Al-Anon Lifer

Anonymous sharings from a long-time member of Al-Anon, which is a safe place to recover from the effects of alcoholism in a friend or relative...

Wednesday, December 06, 2006

Home Messy Home

I'm usually the type who gets everything in order around me, especially in my home, but circumstances have prevented that this last week. Too much has been going on and things have just piled up... like the Halloween decorations...

When we got home from our trip, most of the neighbors had their Christmas decorations up. Granted, half of them get it done professionally, so they don't count. Our house stood out like the black sheep of the neighborhood with the big scarecrows and ghosts and rotting pumpkins on the front porch. But it was still cold and just not important to bring it all in. My ideal was to pack it downstairs and bring up the Christmas decorations at the same time. However, our daughter was and still is moving out of the basement, so that process just wasn't practical.

I found it almost humorous that it got to my husband first, the shame of having spooks in our yard when the neighbors had their PEACE, HOPE, JOY, and LOVE signs up. No kidding, we have neighbors who have these huge signs they put on their decks every year as if they signed an agreement with each other, even when the owners of the houses change. It is lovely. We can see them from our upstairs window and anyone driving the busy street adjoining our neighborhood can enjoy them...

Anyway, Hubby went outside in the cold and collected the obvious, hanging Halloween decorations. I waited until it got warm again to go out and collect the rest. But I didn't pack them away. Instead, they are piled up in the house. Now we have that pile along with a few turkeys, pumpkins, and fall leaves lurking in the dining room, family room, and kitchen, as well as a bare Christmas tree that Hubby managed to get up between football games on Sunday. I went shopping with our daughter for her new place and got new stockings for the mantel, for Hubby and me. I've decided not to put the kids' stockings up since they're grown and gone.

Needless to say, our house is full of mixed messages with a few Christmas decorations up, a pointsetta that Hubby bought me, and piles of Halloween decorations with other reminders of the fall and Thanksgiving season all over the house. But the outside, at least, looks like Christmas with white, pristine snow still gleaming in the sun and moonlight in our front yard. It reminds me of all the times I made sure that everything looked great on the outside to the rest of the world when inside our house was rotten and messy. Oh, not to anyone who per chance would get inside, because I made sure that looked good, too.

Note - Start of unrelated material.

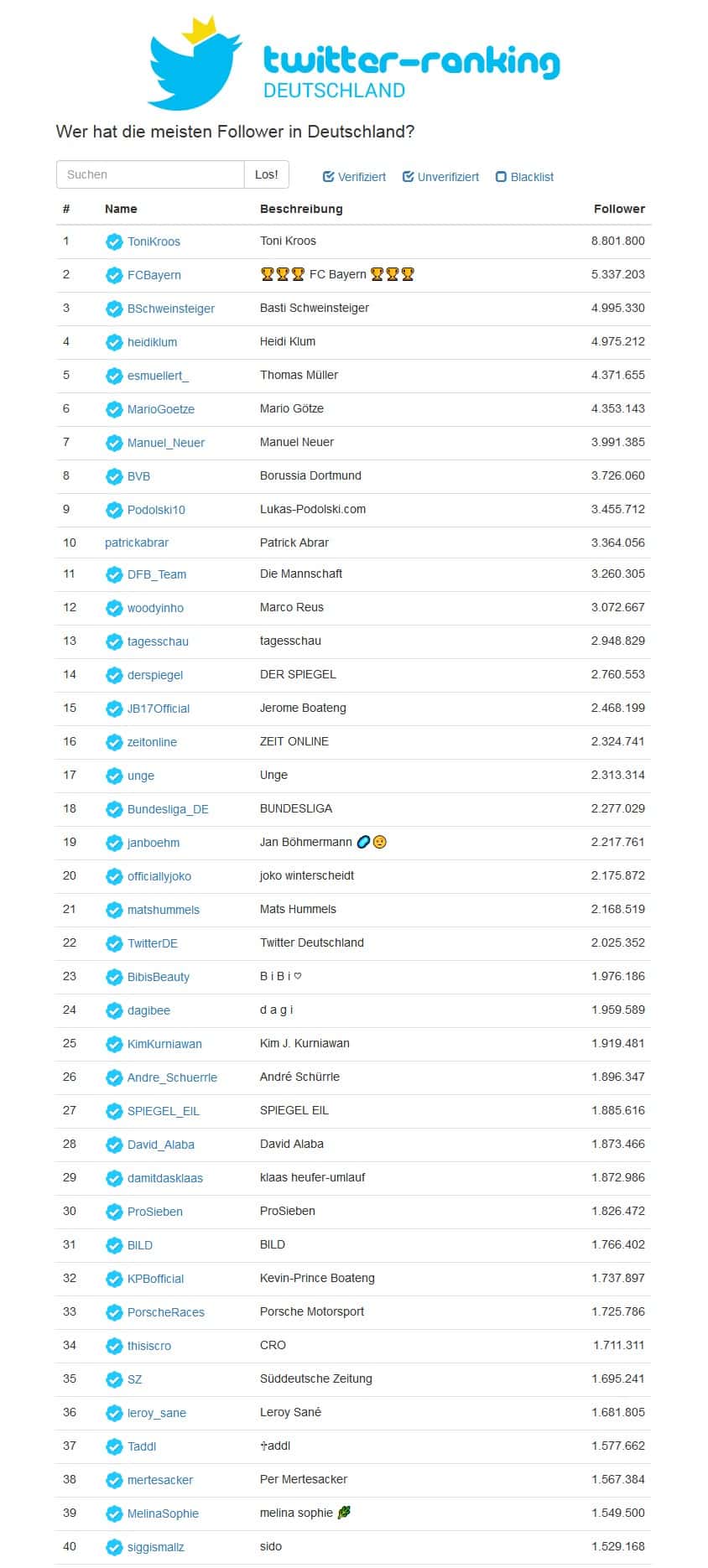 Im Vergleich zu Facebook gilt Twitter durch die hohe Dichte an Politikern, vor allem aber Journalist/-innen und sogenannte „Meinungsmacher“ als das „intelligente Netzwerk“. Wenn man allerdings aus Spaß mal schaut, wer in Deutschland so auf twitter-ranking.de die größten Reichweiten hat, kommt man doch deutlich ins Stutzen.

I'm talking about the disease of alcoholism and its effects... you know, the secrets, the screaming, the door slamming, the deafening silence, the crying, the scared children, the absent father... As I look around my house right now, I'm thinking how this represents what it used to be like - the facade on the outside with the mess on the inside. But it isn't what it is really like spiritually. My home may look chaotic right now, but it doesn't feel chaotic. It is not out of control, it is just temporary circumstances keeping me from cleaning it up. That's all.

And the big difference is that I wouldn't be embarrassed if anyone came calling today. I wouldn't apologize for the mess. I'd let them in, offer them a cup of tea, and rummage through the pantry for some store-bought cookies. It would be just fine and they would feel at home. I'm learning to feel at home in whatever my circumstances are, just like I learned to be content whether the alcoholic was drinking or not. I can be at peace inside when all around me is the opposite. It is okay and it is just for today.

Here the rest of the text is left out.